Bequeathed by the German industrialist Justin K. Thannhauser (1892 – 1976), the Guggenheim Foundation and Frank Gehry’s monument to Modern and contemporary art in Bilbao, join hands to celebrate an incredible collection of paintings, donated by an individual committed to the cause of Modernism, at a time when the legacy of 19th century art appeared much more favourable. Thannhauser likely suffered disapproval and possible derision for his adoration of avant-garde artists of the late 19th and early 20th century; Paul Cézanne (1839 – 1906),Edgar Degas (1834 – 1917), Édouard Manet (1832 – 1883), Pablo Picasso (1881 – 1973) and Vincent Van Gogh (1853 – 1890) among them. Not only admiring these mavericks, who for the majority endured very isolated lives in pursuit of their painterly ambitions, Thannhasuer wanted to befriend them, to enter into their lives, in order he might be the first to see the works, not rewarded to a wider audience. And it was such favouritism that had him consider how he might well patronise their art to audiences suffering the strength of academic painting.

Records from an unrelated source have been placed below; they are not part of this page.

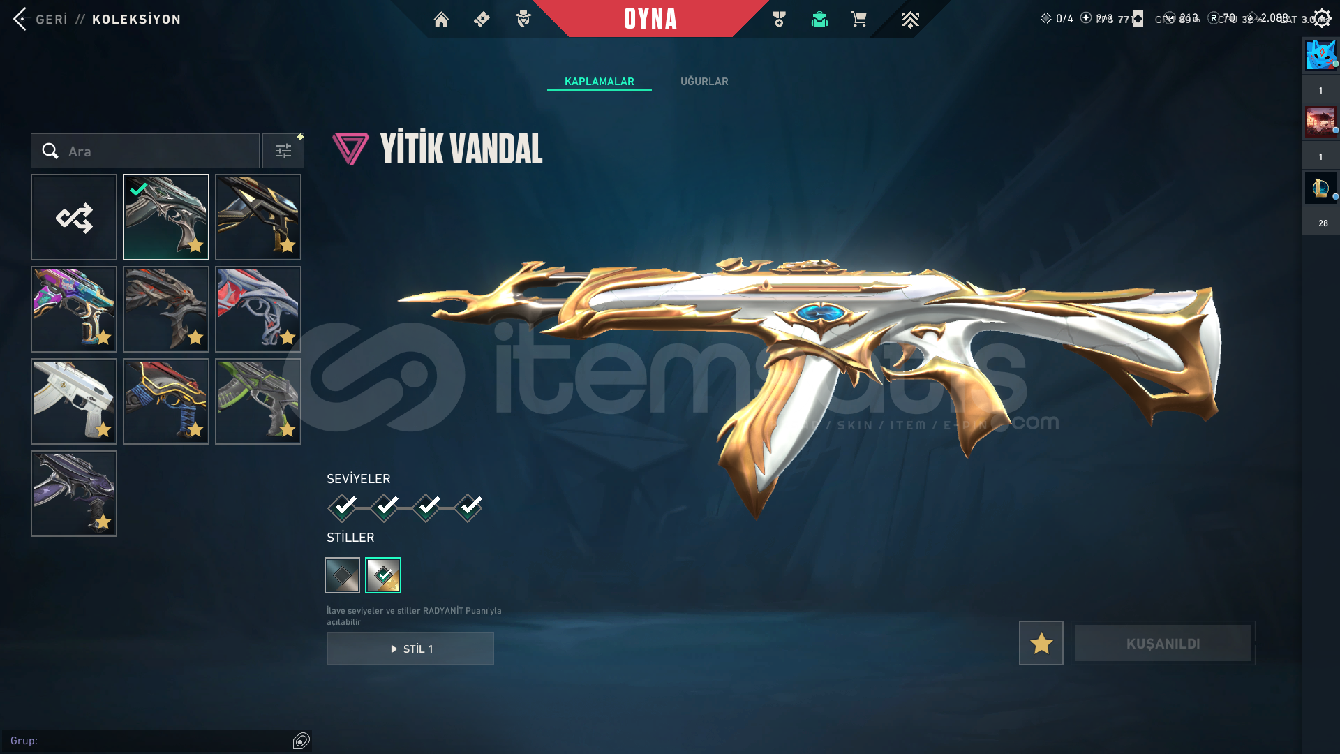 hesap 363 levelken peek rankı dia 3tür.hesapta 141 adet skin bulunmaktadırhttps://youtu.be/Jn9C6UNZLsk yukarıdaki linkte hesabın incelemesi bulunmaktadırhesapta bulunan skinler;yağmacı vandalyağmacı sheriffyağmacı karambityağmacı phantomchampions 2025 vandalyitik vandalrgx vandaloni vandalfelaketin kalbi vandalneptun vandalgaia vandaldelipop vandalözel harekat phantomiyon phantomsır çiçeği ...
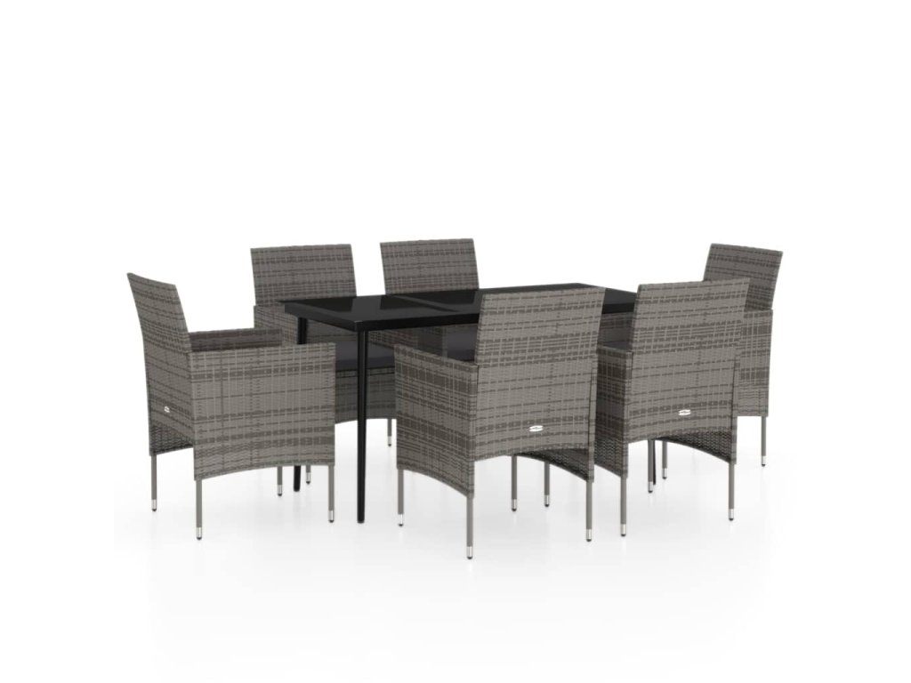 7dílný zahradní jídelní set s poduškami šedý a černý 3099314
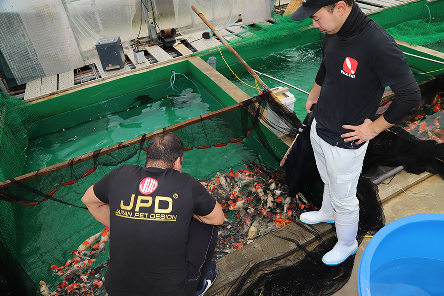 Alla fine decidiamo di tornare da Maruhiro. Nelle sue vasche ha una quantità tale di koi, per cui si devono passare ore a cercare.

The Guggenheim Bilbao exhibition, under the stewardship of American curator Megan Fontanella, is nothing short of remarkable, as it takes part of Justin Thannhauer’s collection from its home at the Solomon R. Guggenheim Museum, New York, to it’s partner institution in Bilbao. Exhibited for the first time outside of New York, the Modernist works explore a prolonged moment of history when art and politics were intertwined, with the emergence of something new. Of an aesthetic that was entirely emotive. Championing Munich Modernism and French avantgardism, with these paintings of coloured landscapes, fruit and figures; it was as if artists under the influence of avant-gardism had decided to surrender to their own emotions. Encouraged as they were by Romanticism’s aspiration for the individual, painting as Van Gogh, (Paul) Gauguin (1848 – 1903) and Cézanne saw it, was an opportunity to inhale everything of their surroundings in order to create works that applied as much of the artist to the work, as they did embrace the contoured and intensely coloured scene at hand. Which was something that Thannhauser saw as primary to the prevailing styles of the time, when Europe at the end of the 19th and into the 20th century, was enjoying so many forms of cultural inventiveness; a moment when art was to become entirely autonomous of its past.

The son of German Jewish art dealer Heinrick Thannhauser, Justin was to first discover the delights and divisions of art at his father’s gallery in Munich. Founded in 1909, Modern Galerie was intended to deliver new art to its audiences. Becoming synonymous with the avant-gardism of the age, the gallery introduced so much of the Modern art that was to become central to his collection. When Thannhauser clearly saw in Van Gogh, Picasso, Degas and (Wassily) Kandinsky the signs of something entirely different. A vision of the world that was subject to the tragedies and torment of the artist’s own hand. As explained by Fontanella, of Thannhauser being the first to show Gauguin, Van Gogh and Picasso in Munich, when audiences were still unsure of what to make of this racier version of reality. Further galleries followed for Thannhauser in Lucerne and Berlin, as a mark of his greater ambitions, before the emergence of the National Socialists in the 1930’s, that as a movement considered such art ‘degenerate’, and wanted Modernist thinkers; musicians, artist, academics and architects alike, disbarred, and in certain cases dead.

More remarkably lesser known, his Roadway with Underpass (Le Viaduc) 1887, that as an oil on cardboard illustrates Van Gogh’s limited resources at the time, and also of his perseverance to paint, in spite of everything that was to follow.

Interspersed, and appearing as wallpaper, are scenes of audiences of the age attending one of Thannhauser’s shows, together with installation shows as black and while photographs, of some of those original exhibitions; in which works are slightly more haphazardly pinned to the wall like furnishings. As he himself is pictured positively triumphant.